Absolutely. And we’ve seen this with credit ratings, for example, your credit rating is now sold around the place, your personal data, your name and address is sold for spam purposes. There are lots of corporations selling data in ways that we might not personally like, but we click through some 28 page small print and part of that in there somewhere was that we can do this. So that’s a big challenge how we prevent that and there are technical and legislative things here, as well, there are the objectives that you have for your privacy and then you need some way of if somebody breaks that. Once you’ve given them your data you can have some technical rules about why you’ve given to them, but once you’ve given it to them the only way to stop them sharing it is legislative. There are lots of code protocols that are done by researchers where you can have shared encrypted data and do things in ways that people can only extract certain amounts of it, but these kind of cryptographic protocols are so expensive and slow that they never get reused in real life. So, you can do an SQL query against data and you can’t read the data, but you have permission through a cryptography model to do a particular SQL query and get some of that back. So there are some amazing research into this space, but it is so complex and so slow that none of it is faulted into real life. So for the moment we have to rely on things like European Union rules and data protection acts and stuff like that. So it’s got to be a combination of technical and legislative, I am personally more into the technical stuff, what can I do to minimize the data I give you so that you have less to sell.

   

10. We’re from the technology so we talk about the Internet of Things, what about the average person out there? Will they actually recognize the Internet of Things or will they just use it?

I think they will recognize it, I think the internet people recognize and the benefits that’s brought to us. There is definitely going to be a point in time in 20 years’ time or 30 or whatever when this is just the world and that’s why we have to worry about the security now, because if every part of every surface in the world has an IP address and an IPv6 and every part of it is measured and monitored and so forth, that’s when we have to be really scared, you think the NSA knows a lot now, imagine what they are going to do in 20 years’ time. So I do think we need to care about these things.

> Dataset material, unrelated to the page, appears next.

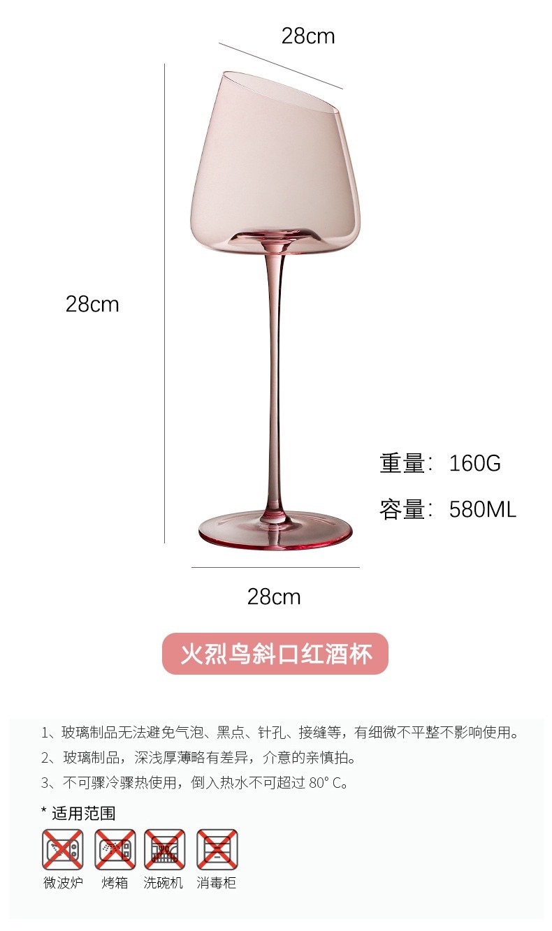 Flamingo Red Wine Oblique Mouth Glass Tall Cup
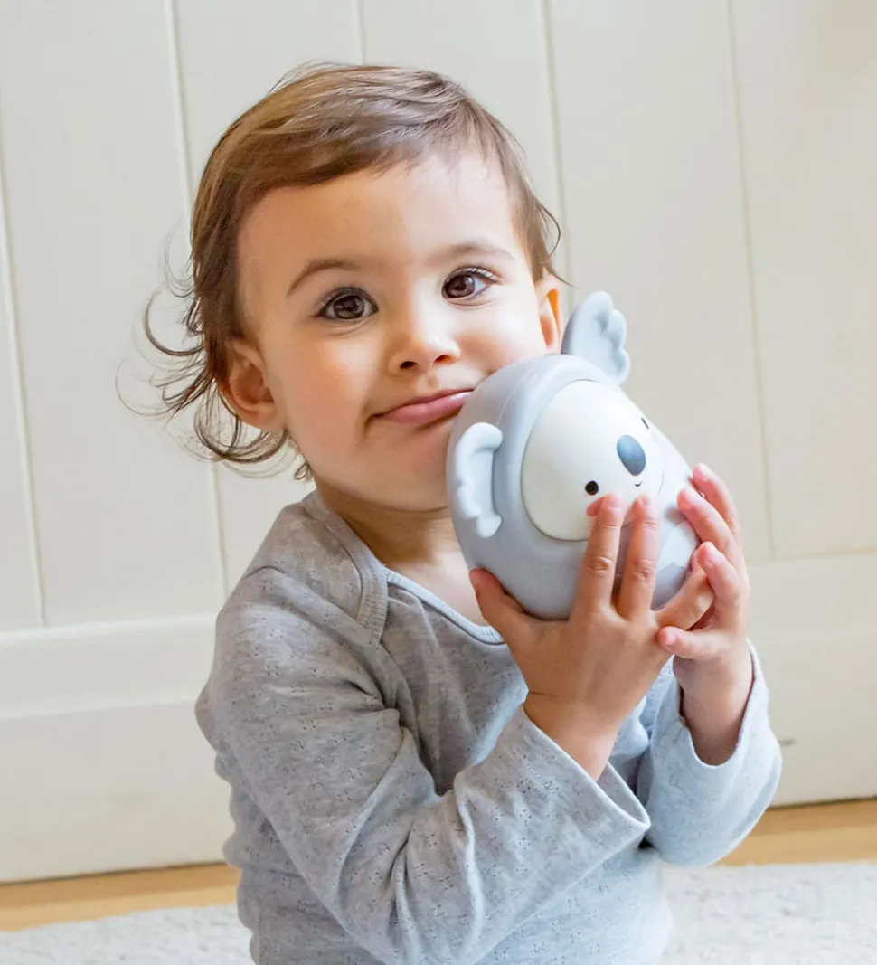 Skønt Tiger Tribe aktivitetslegetøj i form af en koala, som kan puffes til og væltes omkuld, men altid vender tilbage til udgangsposition. Aktivitetslegetøjet giver en skøn bjældeklang, når den bevæges.

Ralph: Yes, that’s right. So, I think that’s really some important topic for the coming years because as you said it’s cheaper, there is no reason why it shouldn’t happen and I guess there are some kind of interesting business cases. So, I guess we will see a lot of this in the coming years.

Definitely, yes.

Ralph: So, thanks a lot for sharing your experience with us and have fun at QCon.

Thanks very much for taking the time out to chat with me, it was very fun, good conversation. Bye now.